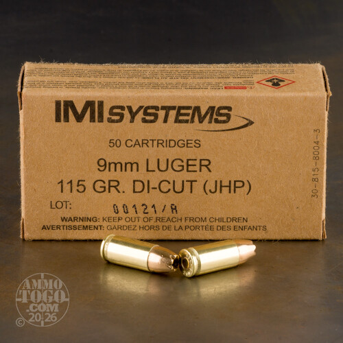 50rds – 9mm IMI 115gr. Di-Cut JHP Ammo
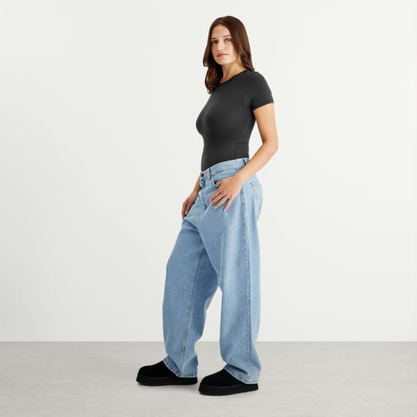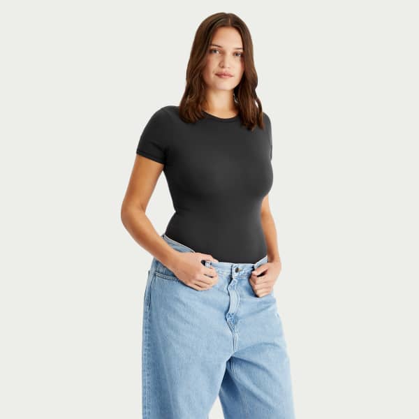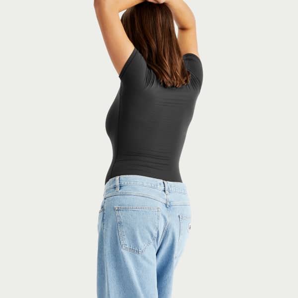 SKIMS мастерски владеет искусством создания изысканных базовых вещей, и боди Fits Everyone - яркий тому пример. Сшитое из легендарной эластичной ткани бренда, оно ощущается как вторая кожа, обеспечивая безупречную посадку. Высокий круглый вырез и высокие вырезы на штанинах создают утонченный, скульптурный силуэт, который легко сочетается как с повседневной многослойной одеждой, так и с элегантными образами.
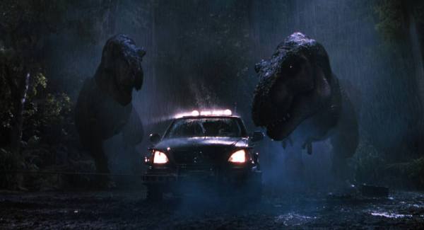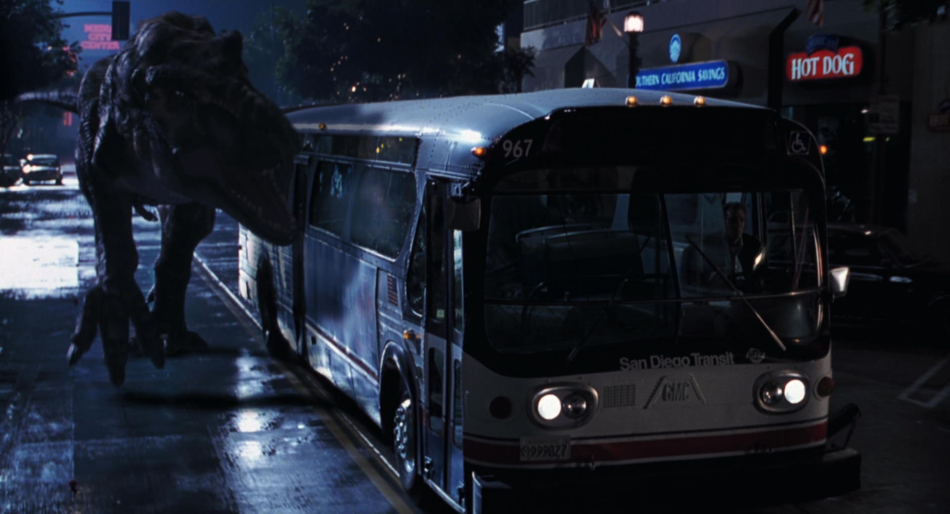 One of the biggest differences between Michael Crichton’s novel and Spielberg’s film is the final act with the T-Rex. If you’ve read the book then your fully aware that the entire story takes place on the island, but in the movie the final act takes place on the main land in the city of San Diego.
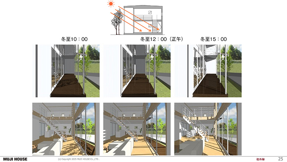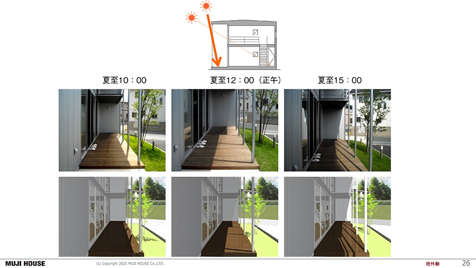 一方、夏は日射が強い。そこで軒を大きく出して、夏至の高い日射が室内に入りにくいように計算しています。シミュレーションだけでなく、実際の写真でも「入っていない」ことを確認できるようにしています。

**Problem to solve:**
Write out the whole listing exactly, with no pictures.

**Task answer:**
 50rds – 9mm IMI 115gr. Di-Cut JHP Ammo
 SKIMS мастерски владеет искусством создания изысканных базовых вещей, и боди Fits Everyone - яркий тому пример. Сшитое из легендарной эластичной ткани бренда, оно ощущается как вторая кожа, обеспечивая безупречную посадку. Высокий круглый вырез и высокие вырезы на штанинах создают утонченный, скульптурный силуэт, который легко сочетается как с повседневной многослойной одеждой, так и с элегантными образами.
 One of the biggest differences between Michael Crichton’s novel and Spielberg’s film is the final act with the T-Rex. If you’ve read the book then your fully aware that the entire story takes place on the island, but in the movie the final act takes place on the main land in the city of San Diego.
 一方、夏は日射が強い。そこで軒を大きく出して、夏至の高い日射が室内に入りにくいように計算しています。シミュレーションだけでなく、実際の写真でも「入っていない」ことを確認できるようにしています。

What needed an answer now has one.